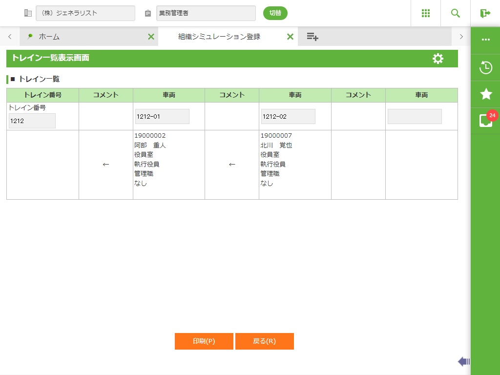 選択した組織シミュレーション案のトレイン一覧を表示します。 組織シミュレーション案の新規登録時に作成される異動シミュレーション案の結果のみが表示されます。
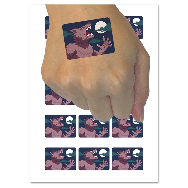 Werewolf Monster Howling at Moon Halloween Temporary Tattoo Water Resistant Fake Body Art Set Collection - 54 1" Tattoos (1 Sheet)
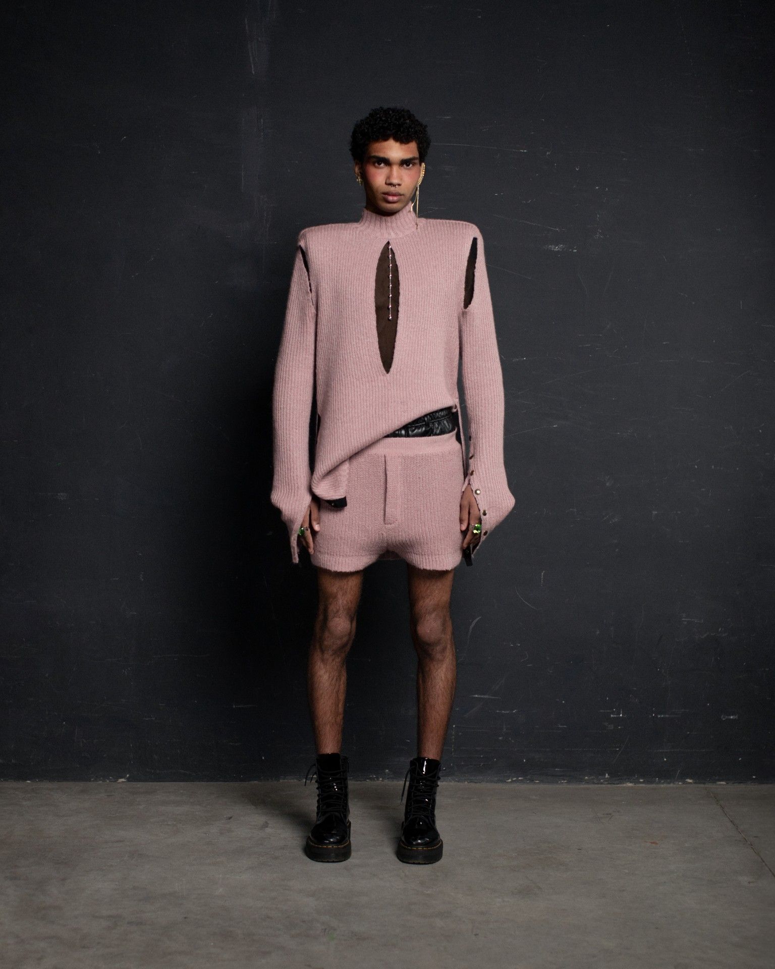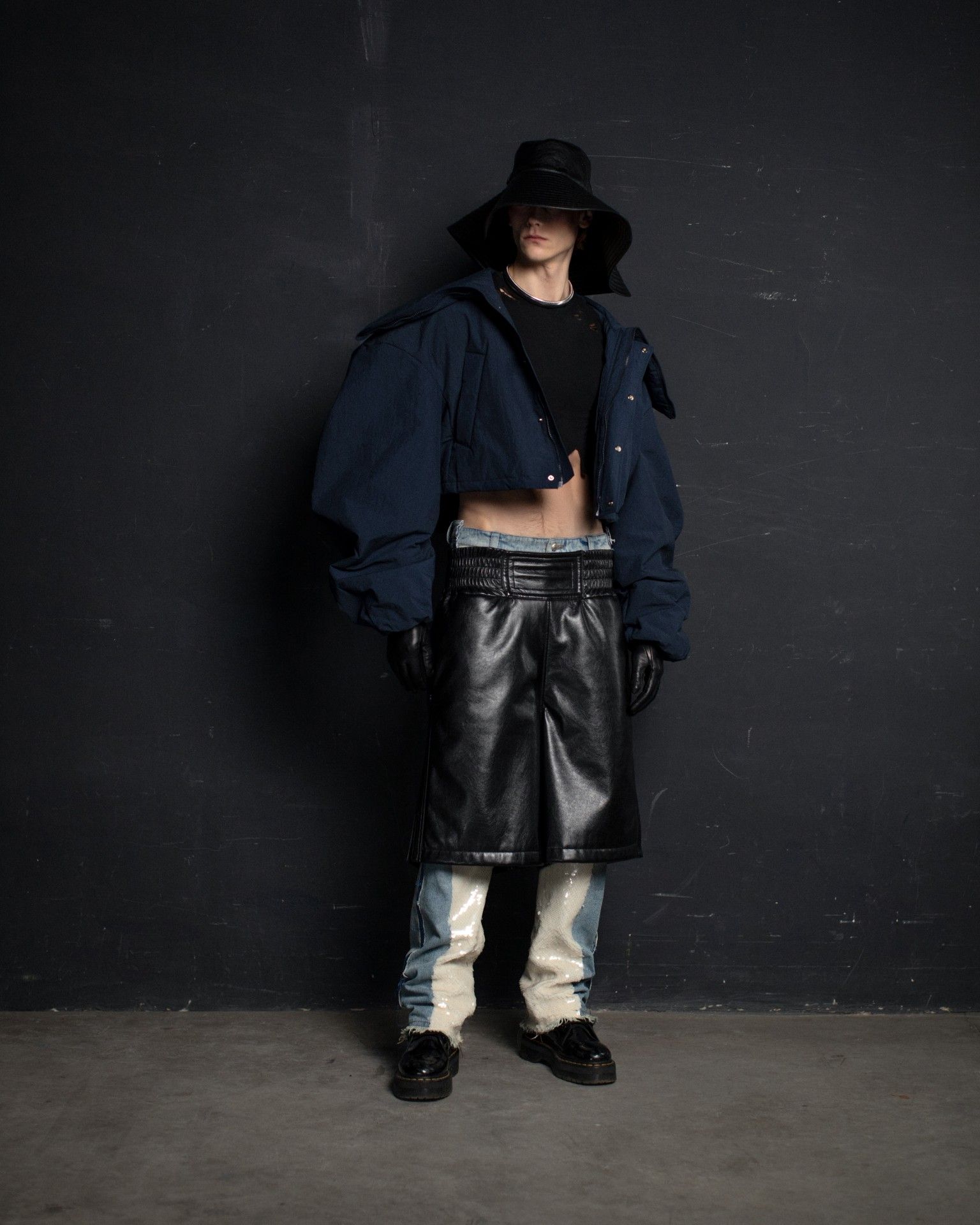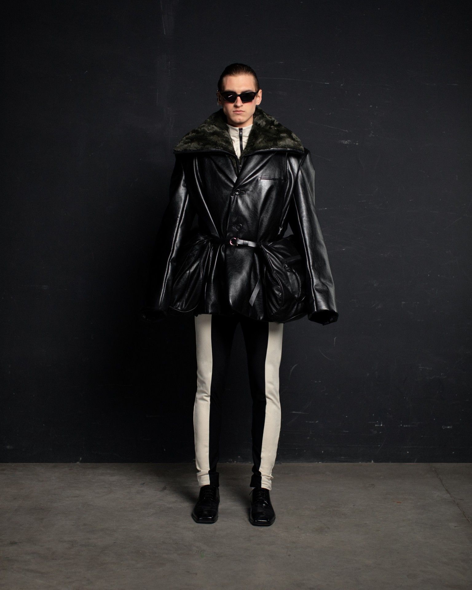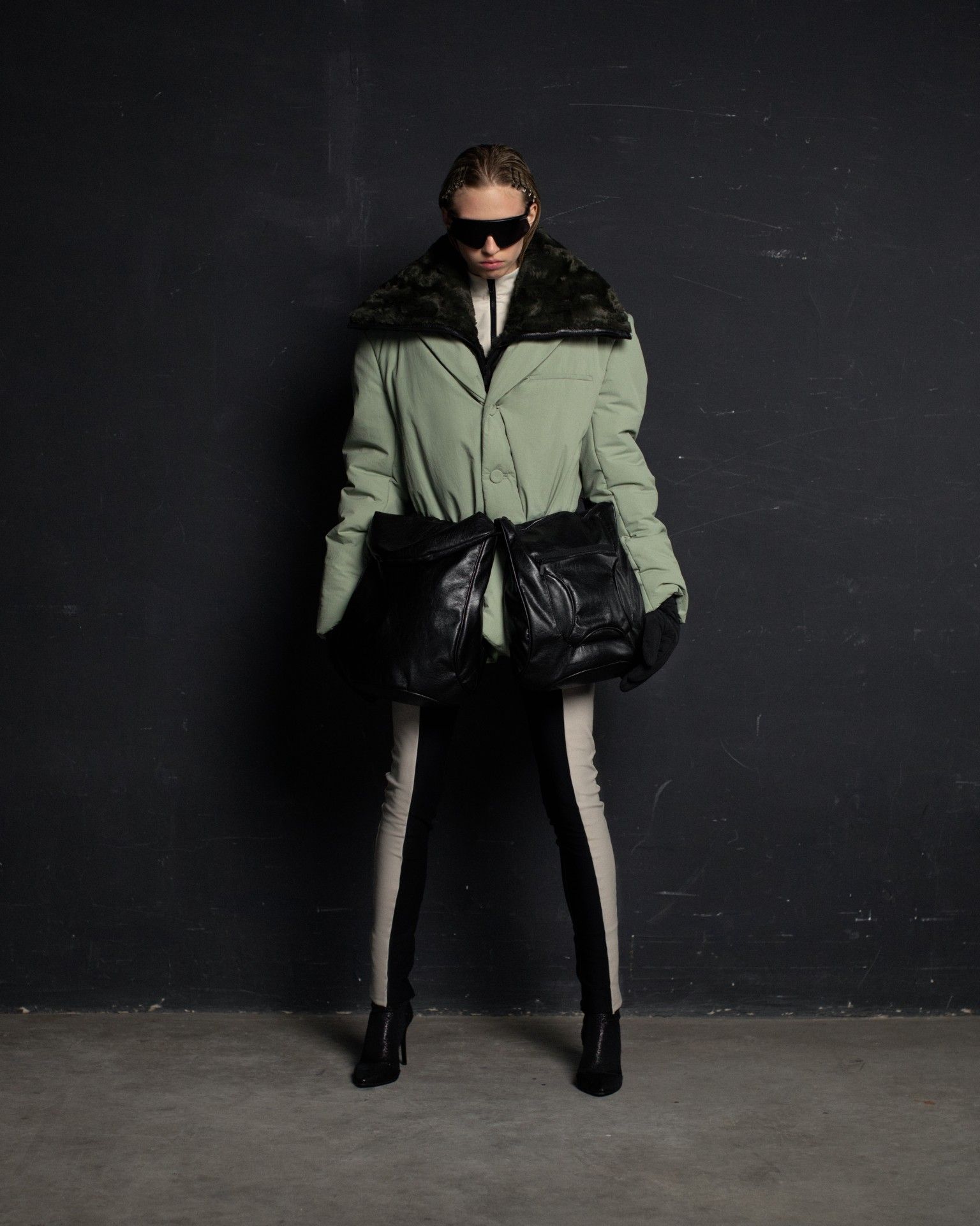 The collection unfolds in THEO’s distinctive stylistic approach, where extra-voluminous silhouettes symbolizing shelter and camouflage harmoniously intertwine with straight, narrow, elongated forms that broadcast the brand’s core aesthetic: gender fluidity. ‘THEO THE CREATOR’ surprises with an extravagant, modern twist — slim, tailored, rustically knitted, and jacquard blazers boasting pronounced 3D textures and deliberately accentuated straight shoulder lines that sharply reflect stylistic maturity. Brand’s signature TomBoy cut is revealed in the main block of the collection, evolving from a concise, cropped jacket with minimalist details in eco-leather and padded nylon to its classic version in fresh shades of baby pink and ripe pistachio, and finally unfolding in its essence in hyper-voluminous midi-length puffer jackets, where bulkiness and simultaneous lightness of form dominate. The collection captivates with finely selected luxurious textures from matte and dusted nylons, distressed denim, which, in combination with aged coarse and glossy soft ecoleather, pronounced hand knitting, faux fur, mirror sequins, and 3D jacquards, create a dramatic ensemble that unfolds even more dynamically thanks to a wide palette of achromatic tones, sprinkled with pale pink, patinated blue, shades of green, nude, and the audacity of gold and mirror silver.

———

_TO DO_
Restate all of the material above word for word. Pictures do not belong in it.

_WRITTEN SOLUTION_
 選択した組織シミュレーション案のトレイン一覧を表示します。 組織シミュレーション案の新規登録時に作成される異動シミュレーション案の結果のみが表示されます。
 Werewolf Monster Howling at Moon Halloween Temporary Tattoo Water Resistant Fake Body Art Set Collection - 54 1" Tattoos (1 Sheet)
 The collection unfolds in THEO’s distinctive stylistic approach, where extra-voluminous silhouettes symbolizing shelter and camouflage harmoniously intertwine with straight, narrow, elongated forms that broadcast the brand’s core aesthetic: gender fluidity. ‘THEO THE CREATOR’ surprises with an extravagant, modern twist — slim, tailored, rustically knitted, and jacquard blazers boasting pronounced 3D textures and deliberately accentuated straight shoulder lines that sharply reflect stylistic maturity. Brand’s signature TomBoy cut is revealed in the main block of the collection, evolving from a concise, cropped jacket with minimalist details in eco-leather and padded nylon to its classic version in fresh shades of baby pink and ripe pistachio, and finally unfolding in its essence in hyper-voluminous midi-length puffer jackets, where bulkiness and simultaneous lightness of form dominate. The collection captivates with finely selected luxurious textures from matte and dusted nylons, distressed denim, which, in combination with aged coarse and glossy soft ecoleather, pronounced hand knitting, faux fur, mirror sequins, and 3D jacquards, create a dramatic ensemble that unfolds even more dynamically thanks to a wide palette of achromatic tones, sprinkled with pale pink, patinated blue, shades of green, nude, and the audacity of gold and mirror silver.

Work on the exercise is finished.